Here’s the hope in this…

The same Gospel that unites us in covenant to Christ and makes us part of His bride; the same Gospel our marriages are to picture, is the same Gospel that enables us to keep our promise and find joy in our covenant.

Because your sins are forgiven in Christ, because you have confessed your sins and trust in Christ alone for salvation you know what it is like to receive covenant love. Love and forgiveness offered freely.

Therefore, in Christ you can offer free covenant love and forgiveness towards each other.

Hear again the words of Tim Keller on this:

“When over the years someone has seen you at your worst, and knows you with all your strengths and flaws, yet commits him- or herself to you wholly, it is a consummate experience.

To be loved but not known is comforting but superficial. To be known and not loved is our greatest fear. But to be fully known and truly loved is, well, a lot like being loved by God. It is what we need more than anything. It liberates us from pretence, humbles us out of our self-righteousness, and fortifies us for any difficulty life can throw at us…

We never know whom we marry; we just think we do. Or even if we first marry the right person, just give it a while and he or she will change. For marriage, being [the enormous thing it is] means we are not the same person after we have entered it. The primary problem is. . . learning how to love and care for the stranger to whom you find yourself married.

In any relationship, there will be frightening spells in which your feelings of love seem to dry up. And when that happens you must remember that the essence of a marriage is that it is a covenant, a commitment, a promise of future love.” (Keller, Timothy J., and Kathy Keller. The Meaning of Marriage: Facing the Complexities of Commitment with the Wisdom of God. New York: Dutton, 2011.)

You see, the gospel tells us and reminds us that the thing which is essential for a successful marriage is totally different than anything our, or any culture, will tell us – forgiveness.

ZZ and XX are here today to declare to all of us that they have both individually placed their faith in Jesus Christ alone for their salvation. They both came to a specific place in their lives when they understood they were sinners and destined to spend eternity in a real place called Hell forever.

The parallel is unavoidable. Just as it is impossible to avoid Hell and to spend eternity in heaven without God’s forgiveness of our sins that Christ’s death provides; it is impossible to navigate through the maze of marriage and a life together in marital unity without the giving of and the seeking of forgiveness from one another.
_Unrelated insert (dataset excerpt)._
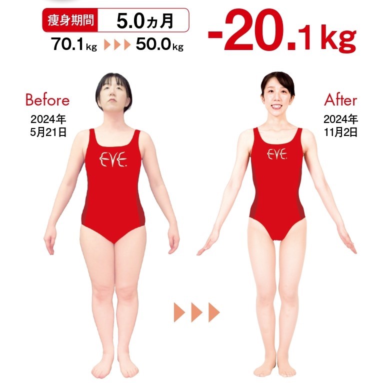 EVEに通い始めて1ヶ月で約6.5㎏体重が減り、3ヶ月で約14㎏の減量を達成。停滞期もあり、無理な食事制限をしてしまったりしたこともありましたが、スタッフの皆さんに食べないと痩せないと教えてもらい、トリートメント以外での食事の摂り方やホームケア方法などを細かくアドバイスしてもらったことが20㎏以上の減量に結びついたのだと思います。痩せた今、ずっとやりたいと思っていたことに挑戦しようと勉強中です。痩せて気持ちが前向きになりました!
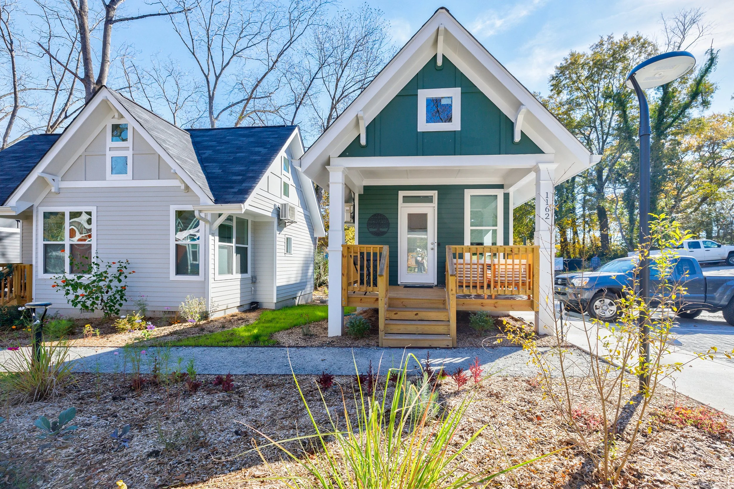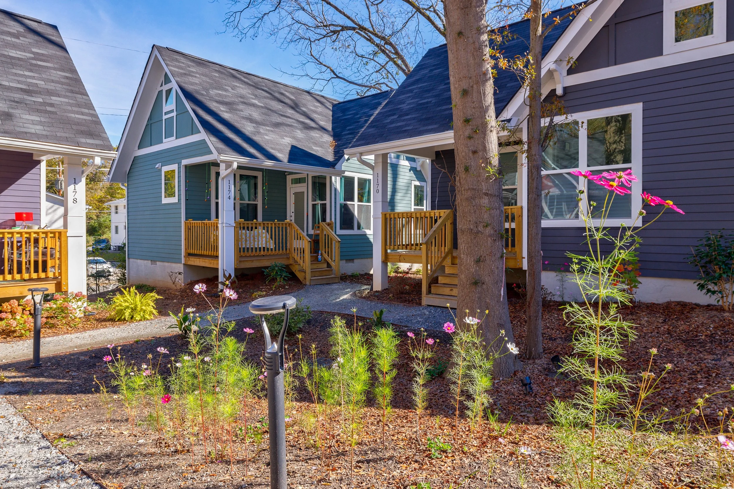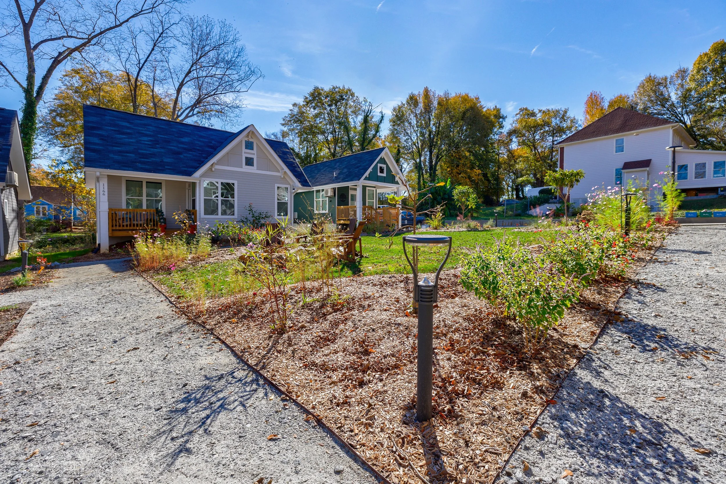 Join MicroLife for a tour of our pilot project, the Cottages on Vaughan. The new pocket neighborhood, situated on a half-acre lot a block away from downtown Clarkston, includes eight micro-cottage homes, a common green space for gathering, and climate-conscious development features such as solar panels and edible, regenerative landscaping.

The gospel makes it possible to live this out within the covenant of marriage.

Today we are celebrating the union of ZZ and XX in marriage. We are also rejoicing in the eternal forgiveness of their sins, and the hope of forgiveness within their marriage that this forgiveness in Christ provides.

I know that today the thing that would bring ZZ and XX the most joy would not be receiving some gift from you. Rather, if you are here and you do not know Jesus Christ as your personal Lord and Savior, if you have not asked for and received His forgiveness for your sins; they would receive the greatest joy in knowing that you have received the free gift that is available to all who will receive it.

Romans 10:9 “that if you confess with your mouth the Lord Jesus and believe in your heart that God raised him from the dead, you will be saved.”


Posted by on 25/02/2017 in Current Issues


2 responses to “A Wedding Sermon for an Arranged Marriage

  1. sheepymarshmallows

    27/02/2017 at 3:49 pm

    Hi Joe, you forgot to censor the couple’s name in the middle of the text, the third para after the Ephesians 5 passage. But, thanks for preaching the glory of God clearly! (:

    Chai, from sunny singapore heh

    • Joe Fleener

      27/02/2017 at 5:15 pm

      Thanks, Chai – fixed! 🙂

      It’s sunny and warm here too! Miss you!